Она вспоминала все виденные ею когда-либо лица, пытаясь найти то, которое показалось бы милым, но, как назло, видела лишь уродство. И воображение, истомившись, рисовало ей образ человека старого, подточенного многими болезнями и скверными привычками, которые всенепременно сказывались на его обличье самым печальным образом: лысого, толстого, кривоногого и беззубого. Лицо его покрывали глубокие оспины, дыхание было тяжелым и смрадным, а глаза слезились, как у того нищего на площади.
И когда Анна, доведя себя до предобморочного состояния, уже готова была пасть на колени перед матушкой, умоляя не отдавать ее этакому чудовищу, служанка, единственная, оставшаяся у них, возвестила о появлении гостя. По тому, с каким подобострастием держалась эта, нагловатая прежде девица, Анна заключила, что гость – именно тот человек, которым заняты были все ее мысли.
Сердце вдруг на миг остановилась, и Анна, бросив взгляд в зеркальце, подумала, что вот бы ей умереть! Прямо сей же час, в ее такой маленькой, такой уютной комнатушке, где прошло ее детство и девичество, которому выпала злая судьба закончиться так скоро и печально.
Однако она одернула себя, сказав мысленно, что покорность родительской воле есть величайшая добродетель.

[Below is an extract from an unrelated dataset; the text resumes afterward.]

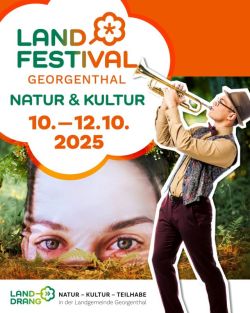 Das Landfestival findet vom 10. bis 12. Oktober 2025 an zahlreichen Orten in und um Georgenthal statt. Es ist ein außergewöhnliches Kunst- und Naturevent im Staatlich anerkannten Erholungsort Georgenthal. Im Mittelpunkt des Festivals steht die kreative und nachhaltige Verbindung von Kunst, Natur und Menschen. Die Angebote sind kostenfrei so lang die Plätze reichen.

И своим поступком она, Аннушка, губит свою честь, но спасает семью. Разве может она допустить, чтобы любимая матушка жила в нищете? Чтобы сестрица голодала, а брат замерзал холодными здешними зимами?! Чтобы все ее близкие, родные люди страдали сугубо из-за Аннушкиного глупого упрямства и себялюбия?
Нет, конечно!
И Анна, сказав служанке, что она немедля спустится, присела перед зеркалом.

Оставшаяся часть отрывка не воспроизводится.